Recorded data:
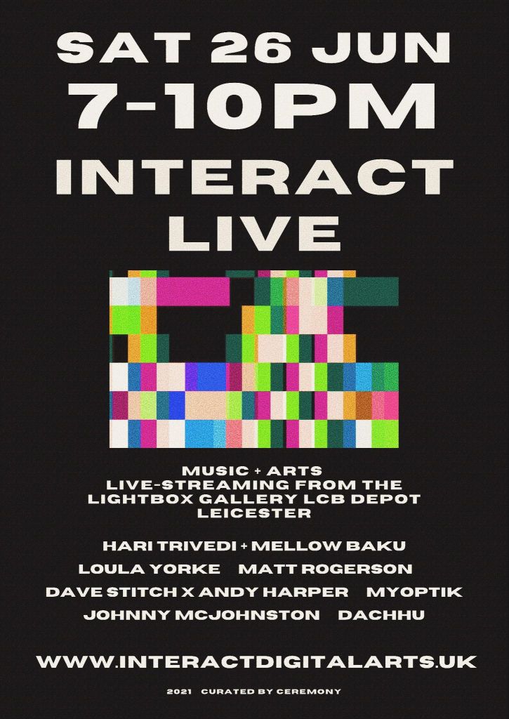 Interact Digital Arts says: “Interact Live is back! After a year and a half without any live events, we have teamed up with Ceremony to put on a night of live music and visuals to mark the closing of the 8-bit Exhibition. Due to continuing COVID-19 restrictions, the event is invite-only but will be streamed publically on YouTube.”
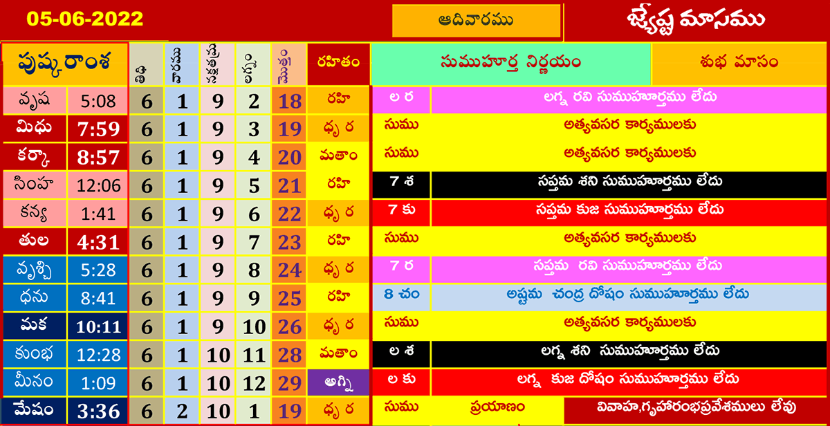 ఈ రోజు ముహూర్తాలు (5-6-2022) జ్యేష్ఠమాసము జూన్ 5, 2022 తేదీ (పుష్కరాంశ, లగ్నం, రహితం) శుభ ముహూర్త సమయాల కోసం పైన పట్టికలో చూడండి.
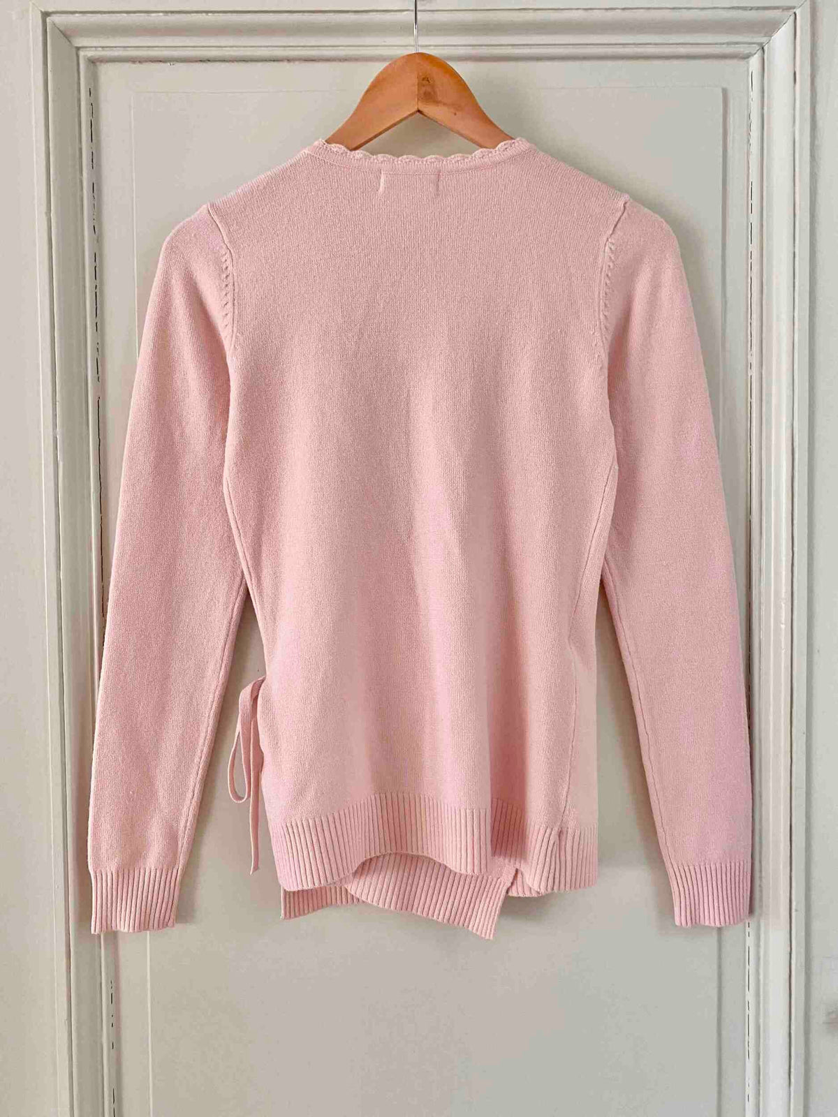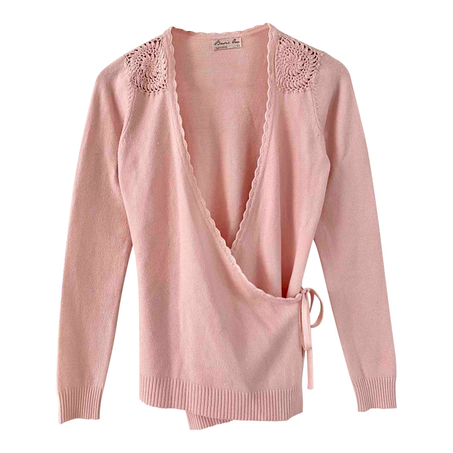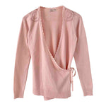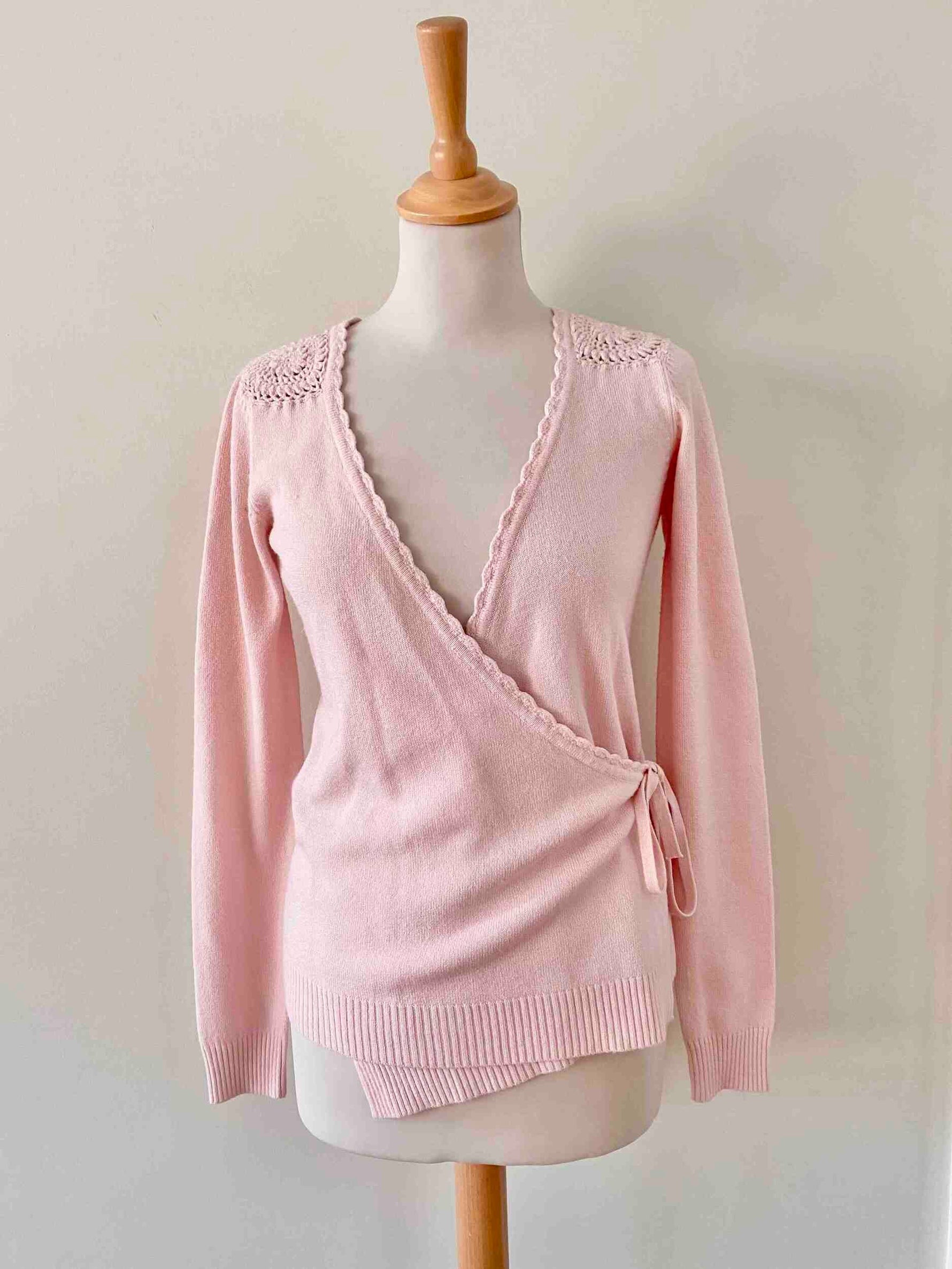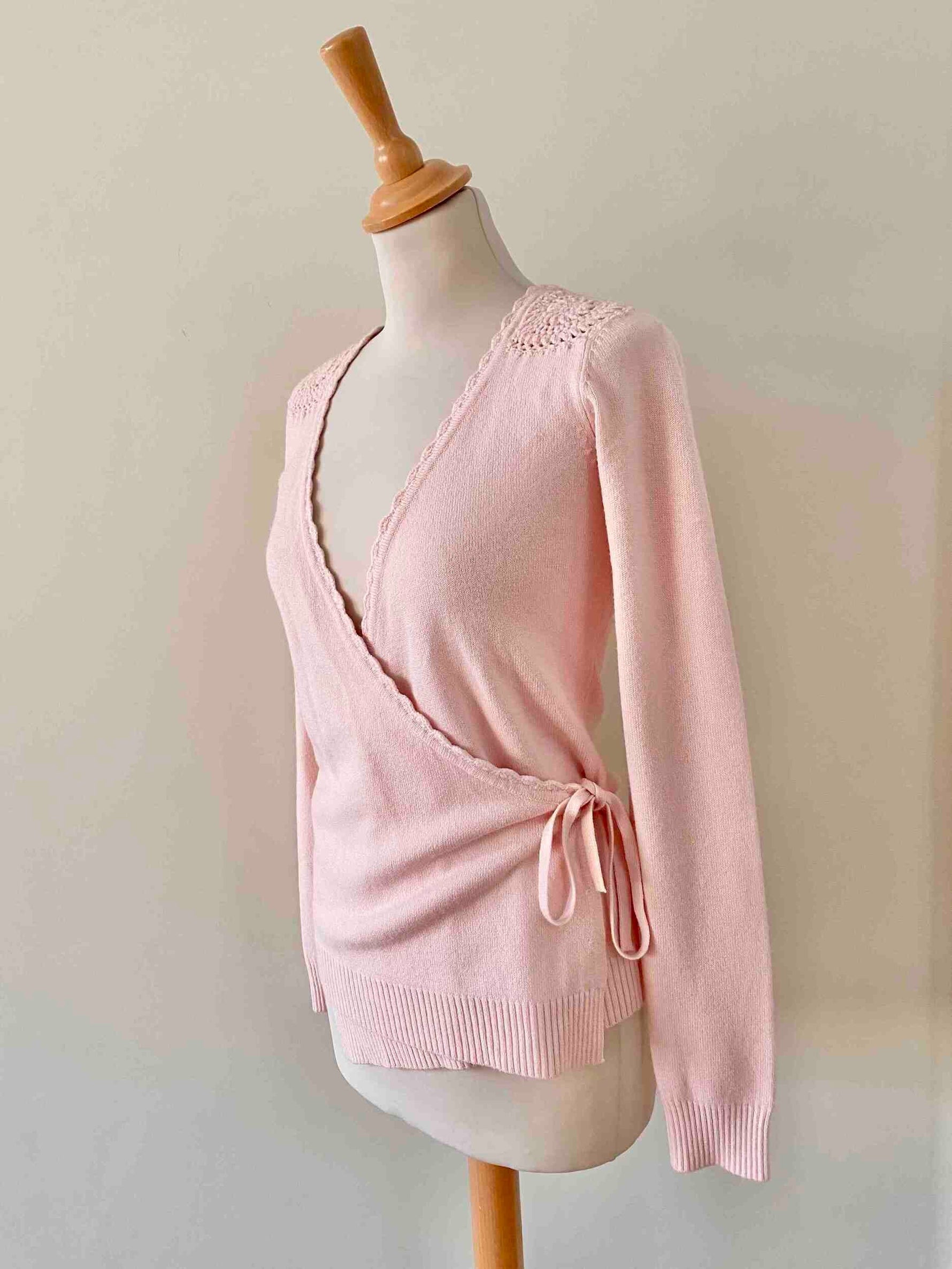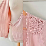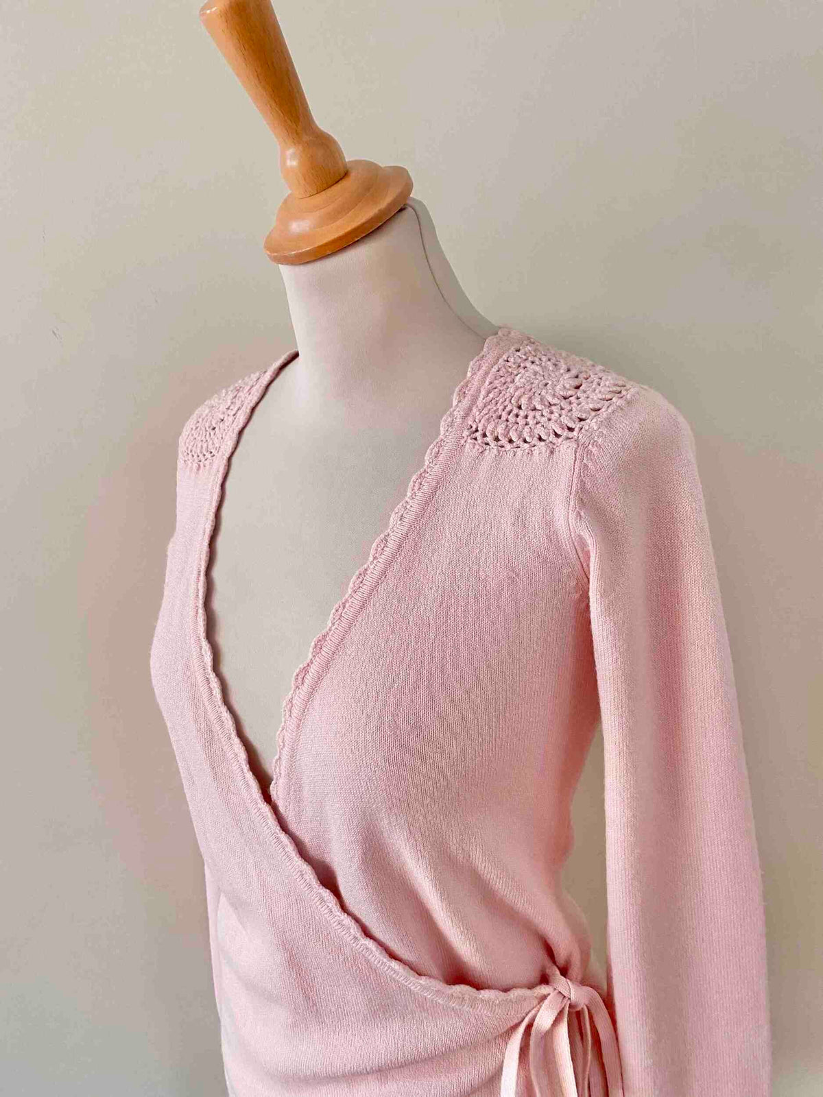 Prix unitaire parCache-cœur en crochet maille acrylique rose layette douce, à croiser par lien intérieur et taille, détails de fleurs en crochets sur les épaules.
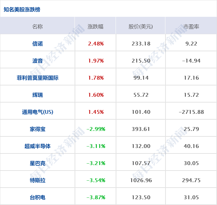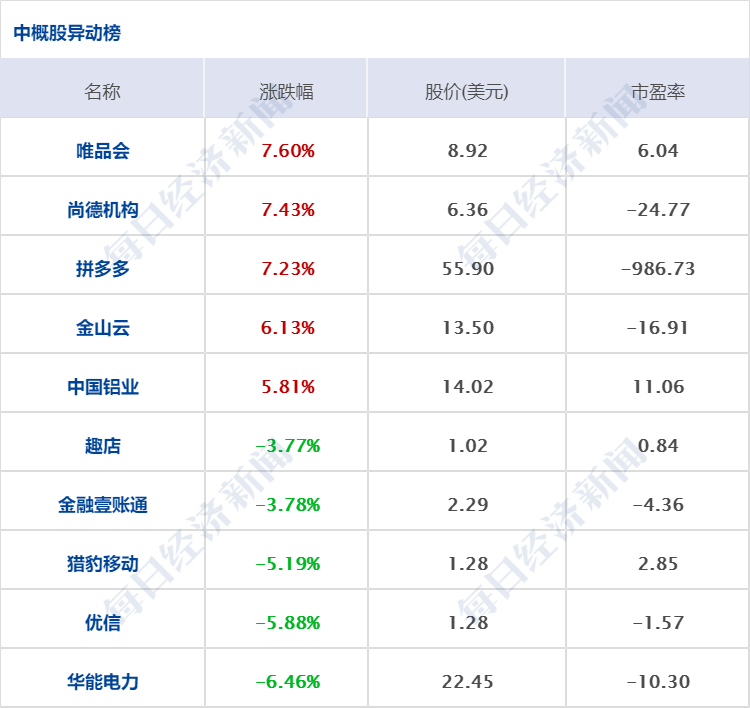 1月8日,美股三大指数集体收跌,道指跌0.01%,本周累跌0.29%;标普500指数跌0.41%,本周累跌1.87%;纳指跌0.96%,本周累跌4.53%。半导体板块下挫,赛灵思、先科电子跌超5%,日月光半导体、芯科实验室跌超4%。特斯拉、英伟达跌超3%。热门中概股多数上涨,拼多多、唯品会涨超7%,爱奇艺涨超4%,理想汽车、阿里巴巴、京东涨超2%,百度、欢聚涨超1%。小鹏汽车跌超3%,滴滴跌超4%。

Problem: What you return should be only the lines from the line with "ఈ రోజు ముహూర్తాలు" through the last line of the listing above, exactly, both ends included, pictures excluded.

Solution:
 ఈ రోజు ముహూర్తాలు (5-6-2022) జ్యేష్ఠమాసము జూన్ 5, 2022 తేదీ (పుష్కరాంశ, లగ్నం, రహితం) శుభ ముహూర్త సమయాల కోసం పైన పట్టికలో చూడండి.
 Prix unitaire parCache-cœur en crochet maille acrylique rose layette douce, à croiser par lien intérieur et taille, détails de fleurs en crochets sur les épaules.
 1月8日,美股三大指数集体收跌,道指跌0.01%,本周累跌0.29%;标普500指数跌0.41%,本周累跌1.87%;纳指跌0.96%,本周累跌4.53%。半导体板块下挫,赛灵思、先科电子跌超5%,日月光半导体、芯科实验室跌超4%。特斯拉、英伟达跌超3%。热门中概股多数上涨,拼多多、唯品会涨超7%,爱奇艺涨超4%,理想汽车、阿里巴巴、京东涨超2%,百度、欢聚涨超1%。小鹏汽车跌超3%,滴滴跌超4%。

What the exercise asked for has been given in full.